To validate the effectiveness of our ShareCaptioner-Video in the video captioning task and further support the development of the video generation domain, we utilized it to annotate a large volume of aesthetically appealing videos. Specifically, we meticulously collect and process 4.8 million video clips, totaling approximately 3000 hours, from three sources: MixKit [43], Pexels [48], and Pixabay [49]. Subsequently, we employ the sliding captioning mode of ShareCaptioner-Video to generate high-quality captions for these videos. The total captioning process requires approximately 4000 H100 GPU hours. We provide some statistics on generated captions in Figure 8.

4 Experiments

4.1 Video Understanding

Datasets and Benchmarks.To thoroughly explore the benefits that our high-quality video-caption data bring to LVLMs, we conduct comprehensive evaluations of the model across three multi-modal video benchmarks. VideoBench [44] curates approximately 15,000 QA pairs spanning 10 evaluation dimensions from 13 existing data sources, such as MSVD-QA [62], MSRVTT-QA [62], Activitynet-QA [67], etc. MVBench [30] is designed to challenge LVLMs with video tasks that cannot be effectively resolved by single-frame reliance, featuring 4,000 QA pairs derived from 11 public video benchmarks. TempCompass [38] specifically assesses the nuanced performance of LVLMs across various temporal aspects, such as speed, direction, and attribute changes. It includes 410 videos and 7,540 meticulously collected instructions, emphasizing temporal comprehension and interaction.

Model	VideoBench	MVBench	TempCompass	Avg.
VideoLLaVA-7B [34]	34.5	43.0	50.6	42.7
VideoLLaVA-7B+Ours	35.2	43.6	52.7	43.8
LLaMA-VID-7B [32]	36.5	41.3	48.1	42.0
LLaMA-VID-7B+Ours	38.2	43.2	50.6	44.0
LLaMA-VID-13B [32]	48.3	43.3	51.4	47.7
LLaMA-VID-13B+Ours	52.4	44.2	53.3	50.0

Caption	Unlock ViT	VideoBench	MVBench	TempCompass	Avg.
–	$\times$	37.3	47.2	57.2	47.2
short	$\times$	36.9	47.5	56.1	46.8
short	✓	37.5	47.9	56.9	47.4
detailed	$\times$	40.7	50.3	60.7	50.6
detailed	✓	41.2	51.2	61.5	51.3

Improving current LVLMs with ShareGPT4Video.We validate the effectiveness of the high-quality video-caption data collected in ShareGPT4Video to improve the performance of current LVLMs. For fairness and simplicity, we integrate 28K high-quality video-caption data related to complex scenes (Panda-70M [12], Ego4D [18], and BDD100K [66]) of ShareGPT4Video to replace the captions data in the VideoChatGPT-100K [42] conversation data with an equivalent number.Then we train the VideoLLaVA [34] and LLaMA-VID [32] with their default training settings and hyperparameters. As shown in Table 1, ShareGPT4Video consistently improves the alignment between video and language modalities in different LVLM architectures and scales.

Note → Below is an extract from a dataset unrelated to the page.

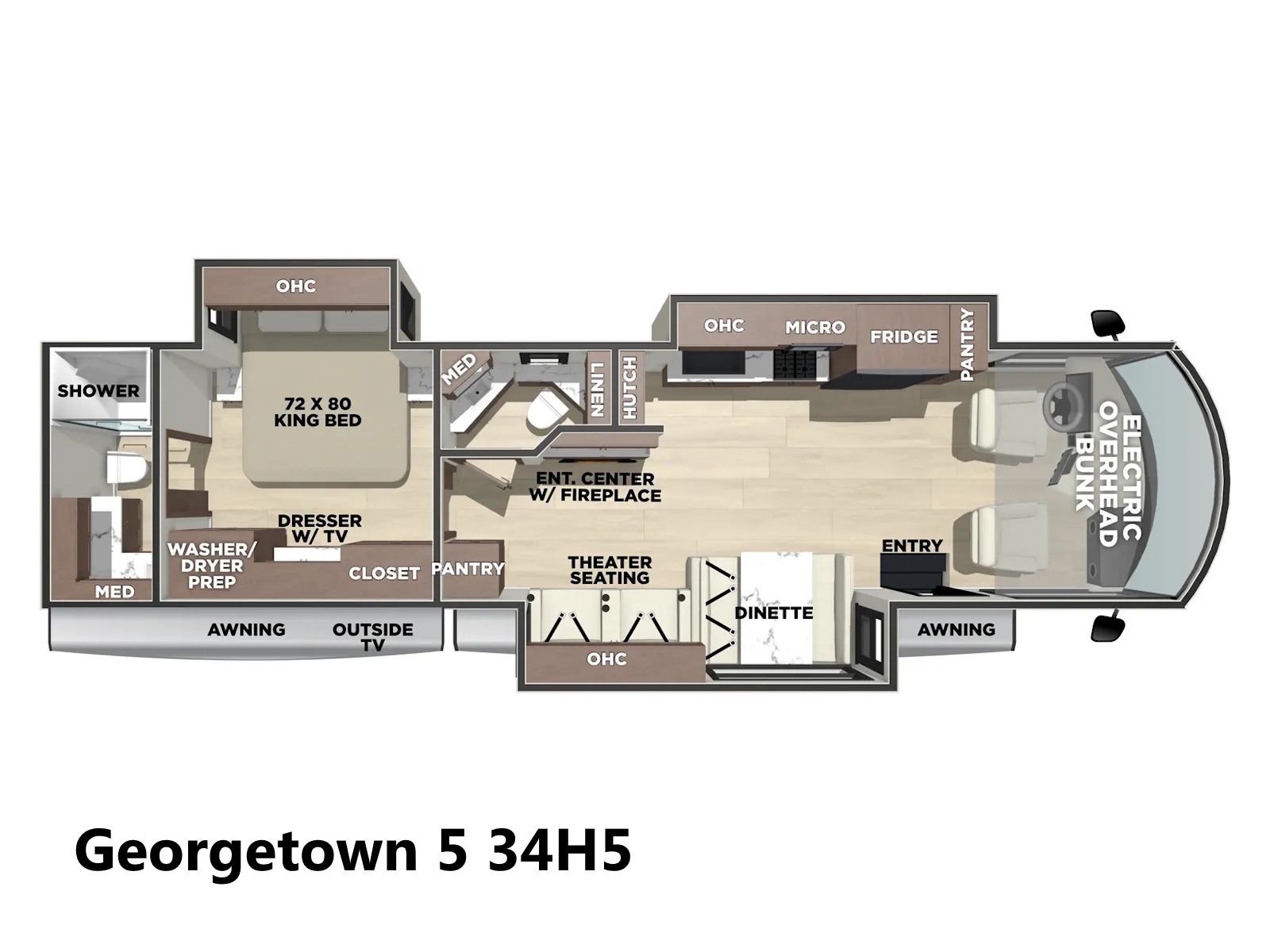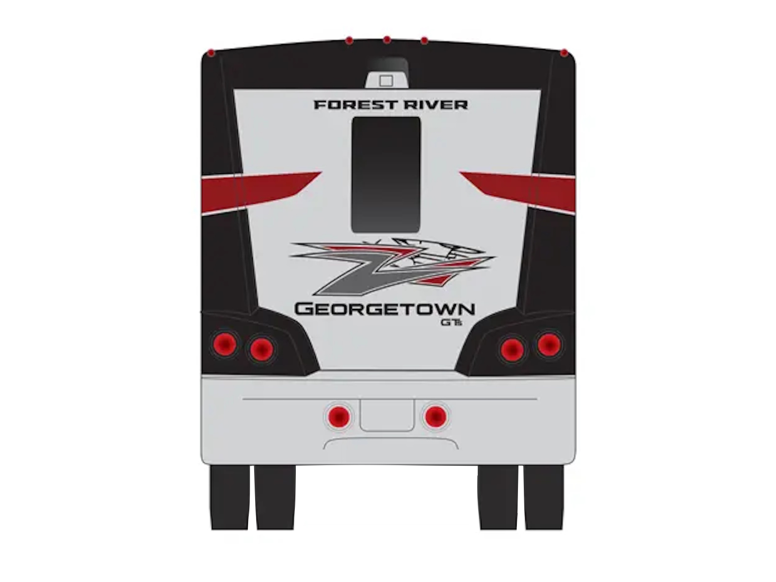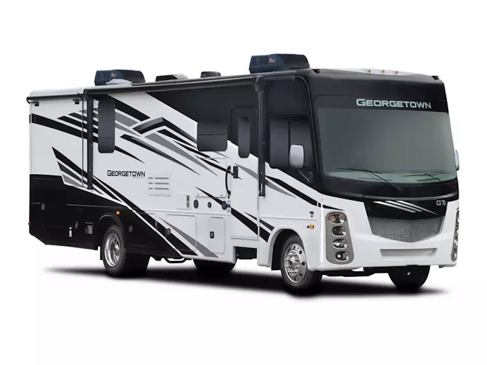 The Georgetown 34H5 by Forest River offers a unique opposing slide floorplan with 1 ½ baths. Relax in the power theater seats (with heat & massage) or enjoy the well-equipped kitchen and king bedroom. This class A motorhome is ideal for extended road trips.

Specifically, VideoLLaVA-7B [34] achieves an average performance gain of 1.1 across three comprehensive multi-modal video benchmarks after integrating high-quality captions, while LLaMA-VID-7B and LLaMA-VID-13B achieve an average gain of 2.0 and 2.3, separately. Our high-quality video-caption data is particularly effective in helping LVLMs achieve significant performance improvements on benchmarks that require complex temporal understanding, such as TempCompass [38].

ShareGPT4Video-8B.To obtain our final ShareGPT4Video-8B model, we start with the LLaVA-Next-8B [26] image multi-modal model. Consistent with previous LVLM approaches [34, 42], we uniformly sample 16 frames from each video and arrange these frames into a 4x4 image grid to form the input for both training and inference, following the IG-VLM [24] strategy. For training data, we first collect 153K VQA data from various instructional video-to-text datasets to build our baseline. This collection includes 13K conversational data from VideoChatGPT [42] and 140K question-answer pairs, with 45K data points from CLEVRER [64], 8K from EGO-QA [18], 34K from NextQA [61], and 53K from TGIF-Transition [31]. Then, these VQA data are combined with 28K video-caption data, forming a consolidated training dataset of 181K samples. For more training details, please refer to Section A.1.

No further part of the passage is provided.